There are n distinct points in the plane, given by their integer coordinates. Find the number of parallelograms whose vertices lie on these points. In other words, find the number of 4-element subsets of these points that can be written as {A, B, C, D} such
that AB || CD, and BC || AD. No four points are in a straight line.
Input

The first line of the input contains a single integer t (1 <= t <= 10), the number of test cases. It is followed by the input data for each test case.

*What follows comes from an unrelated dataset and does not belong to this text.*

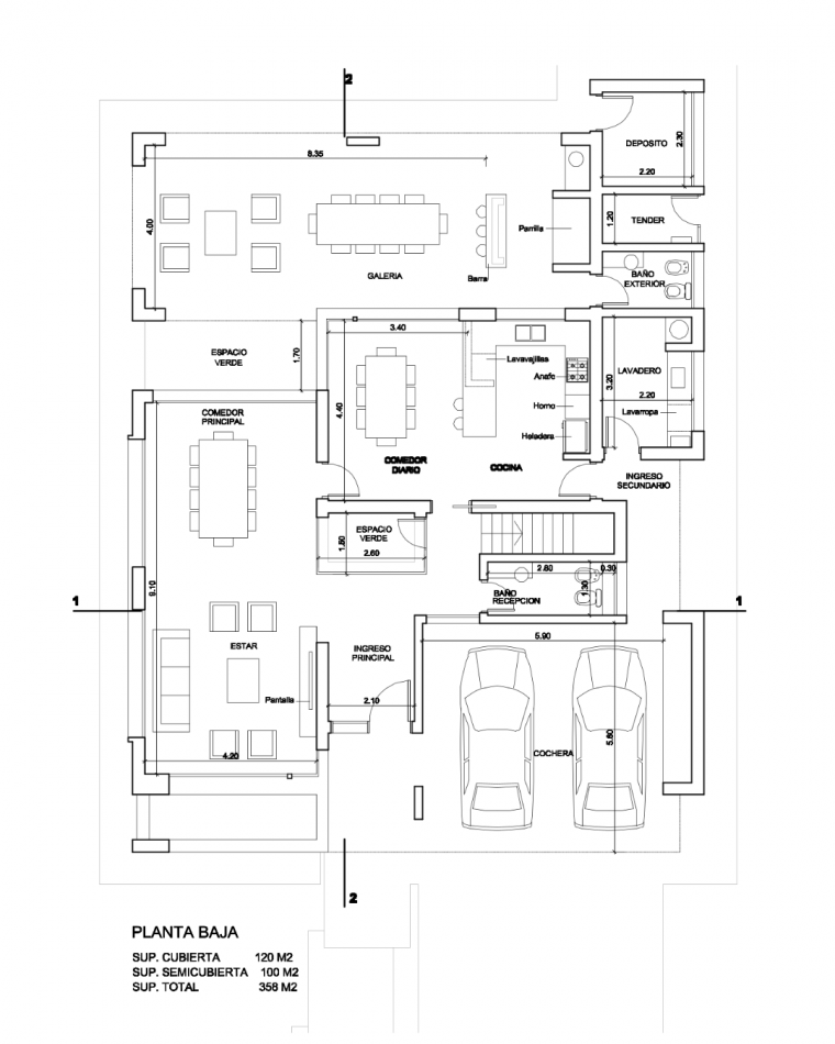 Desarrollada sobre un lote de 800 m², la casa cuenta con una superficie total construida de 358 m², con amplios espacios interiores y áreas semicubiertas que se integran de manera armónica con el jardín y la piscina.

The first line of each test case contains an integer n (1 <= n <= 1000). Each of the next n lines, contains 2 space-separated integers x and y (the coordinates of a point) with magnitude (absolute value) of no more than 1000000000.

Output

Output should contain t lines.

Line i contains an integer showing the number of the parallelograms as described above for test case i.

Sample Input

2
6
0 0
2 0
4 0
1 1
3 1
5 1
7
-2 -1
8 9
5 7
1 1
4 8
2 0
9 8

Sample Output

5
6

恩，题意大致是，给出平面上n个点的坐标，求这些坐标能构成多少个平行四边形。开始看的用向量做，总是WA也找不到哪错，向量相等且不在一条直线上的向量的对数除2不就是结果？又用的中点做，中点相同的两条线段一定可以组成一平行四边形。

#include <iostream>
#include<cstdio>
#include<cstring>
#include<cmath>
#include<algorithm>
#define maxn 1010
using namespace std;
struct Node
{
int x,y;
};
struct Edge
{
int a,b;
Node e;
};
bool cmp(Edge a,Edge b)
{
if(a.e.x==b.e.x)
return a.e.y<b.e.y;
return a.e.x<b.e.x;
}
Edge edge[maxn*maxn/2];
Node node[maxn];
int main()
{
int T,n;
scanf("%d",&T);
for(int t=1;t<=T;++t)
{
scanf("%d",&n);
for(int i=0;i<n;++i)
scanf("%d%d",&node[i].x,&node[i].y);
int k=0;
for(int i=0;i<n-1;++i)
{
for(int j=i+1;j<n;++j)
{
edge[k].a=i;
edge[k].b=j;
edge[k].e.x=(node[i].x+node[j].x);
edge[k].e.y=(node[i].y+node[j].y);
k++;
}
}
sort(edge,edge+k,cmp);
int ans=0;
for(int i=0;i<k;++i)
{
int j=i;
int num=0;
while(j<k&&edge[j].e.x==edge[i].e.x&&edge[j].e.y==edge[i].e.y)
{
j++;
num++;
}
ans+=num*(num-1)/2;
i=j-1;
}
printf("%d\n",ans);
}
return 0;
}